Sports 247

NCAA Basketball Players, It’s Time to Study

The game just got a little more challenging for NCAA basketball players. Instead of spending all their time on the court they are going to have to spend a lot more of it studying in the library if they want a chance to play in the tournament. The specifics of the upcoming change which has already been unanimously approved are as follows: Any team that does not have a 930 Academic Progress Rate (the rate being averaged over a period of four years) will be barred from all postseason competition. A quick look back at history shows us that quite a number of tournament winners would have in fact been barred from playing had this rule already been in effect.

One of the biggest challenges inherent in this change will be for small schools. Many larger schools have a support team in place to help their athletes perform scholastically. Without these resources, smaller schools will rely on the athletes themselves to put in time both on the court and in the classroom. This will also increase the pressure on high school students who are looking for scholarships to prove themselves academically in order to prove that they won’t threaten a team’s Academic Progress Rate.
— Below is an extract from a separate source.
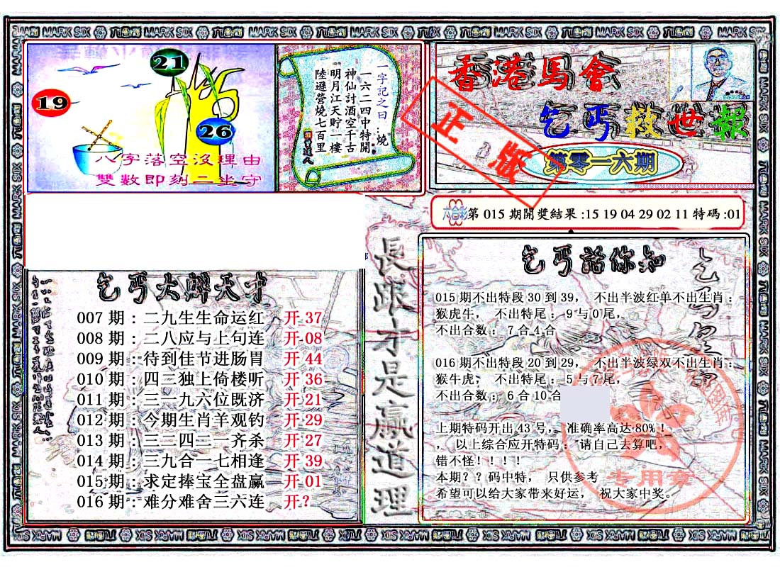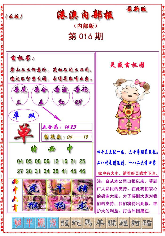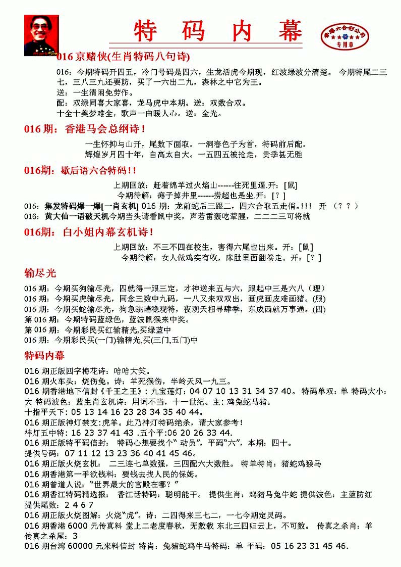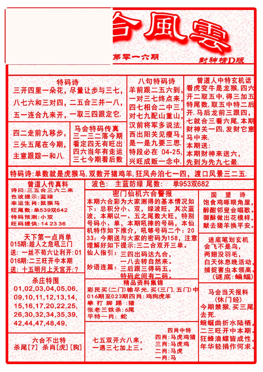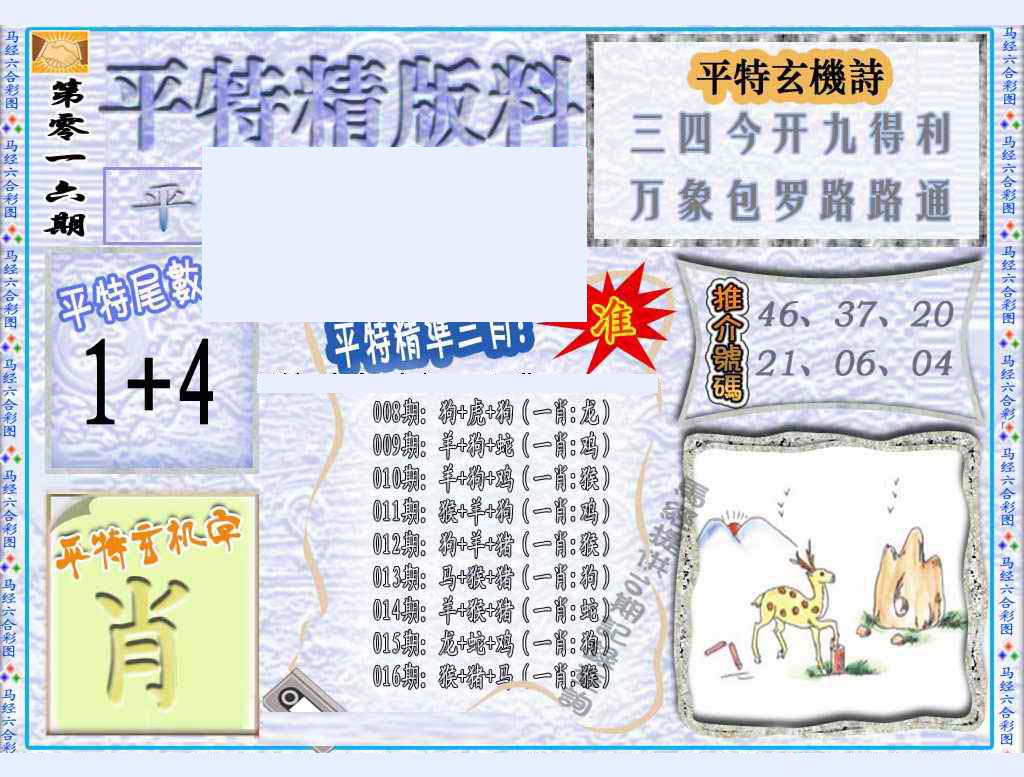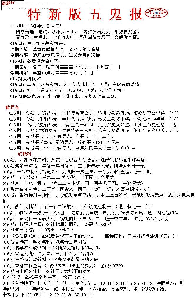 | 063 | 六合禅机A | 064 | 六合禅机B | 069 | 特 新 报A | 070 | 特 新 报B | |||||||||||||||||||||||||||||||||||||||||||||||||||
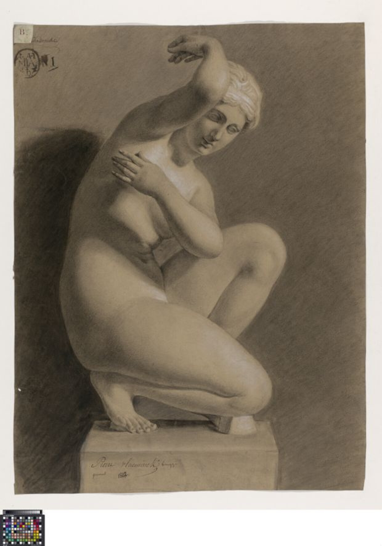 19de eeuwAcademische studie naar sculptuur van Venus, getekend door Pieter-Jan de Vlamynck in 1812. De Vlamyck was toen leerling in de klas naar plaaster aan de Academie Brugge. Voor de prijskamp maakte hij twee tekeningen (zie ook 0016.GRO0109.II) waarmee hij de eerste prijs van zijn klas gehaalde. Jacques Goddyn werd tweede (0016.GRO0156.II). Een standbeeld van Venus is voluit en in profiel naar rechts afgebeeld. Venus is naakt en zit hurkend met haar rechterknie naar de grond toe. Haar gezicht is in driekwart weergegeven. Ze houdt haar rechterarm omhoog, geplooid met de hand naar haar rug toe. Haar linkerarm houdt ze gekruist voor de borst, reikend met de hand naar haar rug. De Vlamynck tekende wellicht naar een afgietsel van het standbeeld van de hurkende Venus dat vandaag tot de collectie van het Louvre behoort. Het gebruikte medium is zwart krijt of houtskool, gehoogd met wit krijt. Vermoedelijk werden de bladranden rondom afgesneden. De aantekeningen duiden op de wedstrijddeelname van de Vlamynck. Op het etiket linksboven staat de tekenletter 'B.', aan hem toegewezen voor deze wedstrijd. Ook de academiestempel en handtekening van directeur van der Donckt zijn in die hoek te zien. Dat de Vlamyck eerste werd in de prijswedstrijd, werd met een 'J' (1) genoteerd. Nadien werden zijn naam en afkomst, het jaartal en zijn wedstrijdtitel(cf. primus) onderaan opgeschreven.

It will also be a matter of great importance for coaches to ensure that they don’t lose their chance at the tournament – student’s academic performances will reflect on them in a way that previously only their athletic performances did.

Some may feel that these higher standards will make it harder for teams to excel and will cause truly great players and teams to miss opportunities. The obvious response to that is this: we’re talking about college basketball. College is first and foremost a school wherein one learns, generally with the end goal of receiving a diploma. If that isn’t important to a player, then perhaps college is the wrong place for them.